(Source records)
-- Opening Marker --

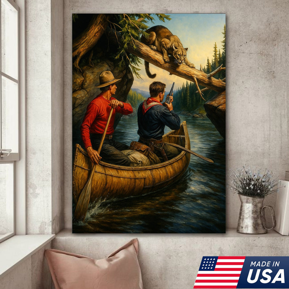 Vintage Wilderness Canoe Adventure Wall Art – Hunters Confront Mountain Lion Rustic Cabin Decor
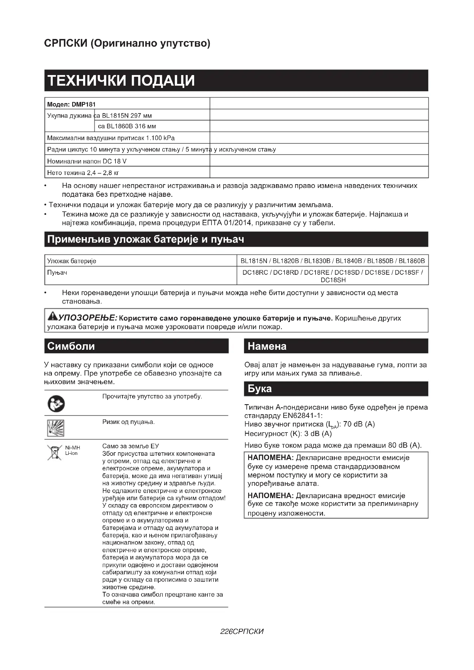 - Оригинална батерија и полнач на Makita НАПОМЕНА: Некои ставки на листата може да се вклучени со алатот како стандарден прибор. Тие може да се разликуваат од држава до држава.226 СРПСКИ СРПСКИ (Оригинално упутство) ТЕХНИЧКИ ПОДАЦИ Модел: DMP181 Укупна дужина са BL1815N 297 мм са BL1860B 316 мм Максимални ваздушни притисак 1.100 kPa Радни циклус 10 минута у укљученом стању / 5 минута у искљученом стању Номинални напон DC 18 V Нето тежина 2,4 – 2,8 кг
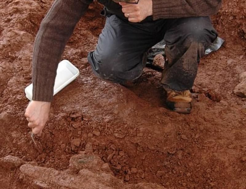 The trowel then hit a smooth surface. He could not stop his eyes from going wide when he wiped off the dirt and found something brown and hard.
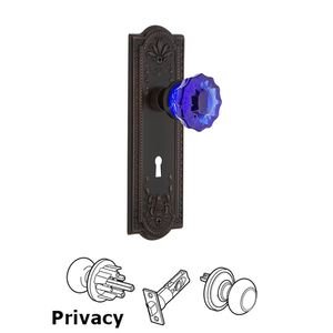 Meadows Collection - Nostalgic Warehouse - Privacy - Meadows Plate with Keyhole Crystal Cobalt Glass Door Knob in Timeless Bronze by Nostalgic Warehouse - 725566 | MyKnobs
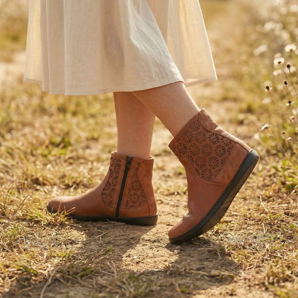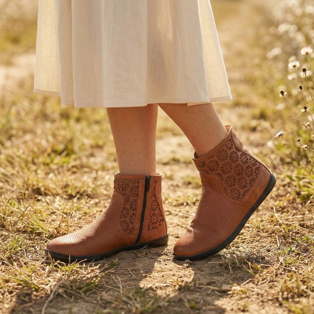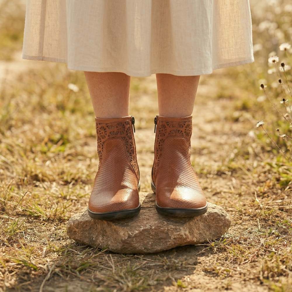 Ein Sommerboot, der besonders luftig ist und den Du von Frühling bis Herbst tragen kannst: unser QYLIE Cognac!
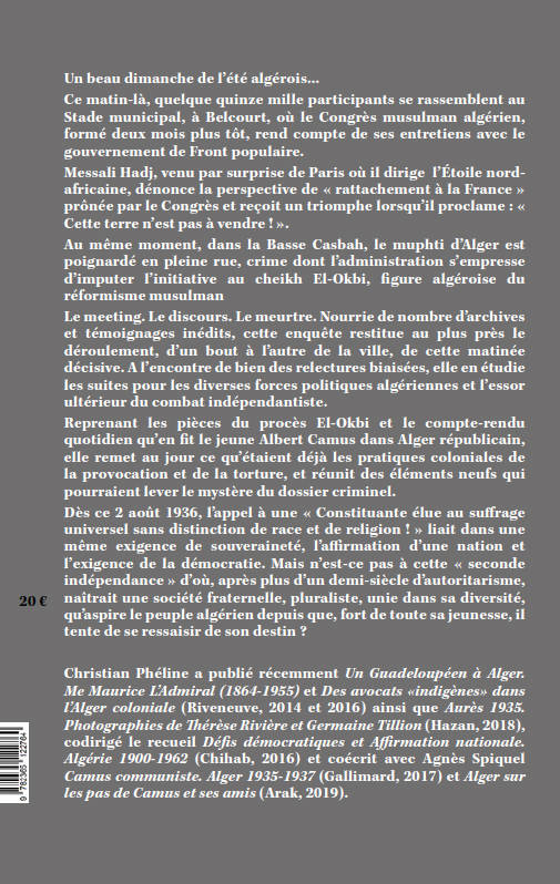 Un beau dimanche de l'été algérois... Ce matin-là, quelque quinze mille participants se rassemblent au Stade municipal, à Belcourt. Débarqué à l'aube, Messali Hadj, dirigeant en métropole de l'Étoile nord-africaine, impose par surprise sa présence au meeting. Au même moment, dans la Basse Casbah, le grand muphti d'Alger est poignardé en pleine rue. Le meeting. Le discours. Le meurtre... Nourri de nombreuses archives ou témoignages inédits, cette enquête restitue minute par minute, le déroulement, d'une extrémité à l'autre de la ville, de cette matinée décisive.

-- Closing Marker --

## DIRECTIONS
What is needed is an exact restatement of every line from the one containing "Ein Sommerboot, der" through the last line of the records, pictures left out.

## SOLVED PROBLEM
 Ein Sommerboot, der besonders luftig ist und den Du von Frühling bis Herbst tragen kannst: unser QYLIE Cognac!
 Un beau dimanche de l'été algérois... Ce matin-là, quelque quinze mille participants se rassemblent au Stade municipal, à Belcourt. Débarqué à l'aube, Messali Hadj, dirigeant en métropole de l'Étoile nord-africaine, impose par surprise sa présence au meeting. Au même moment, dans la Basse Casbah, le grand muphti d'Alger est poignardé en pleine rue. Le meeting. Le discours. Le meurtre... Nourri de nombreuses archives ou témoignages inédits, cette enquête restitue minute par minute, le déroulement, d'une extrémité à l'autre de la ville, de cette matinée décisive.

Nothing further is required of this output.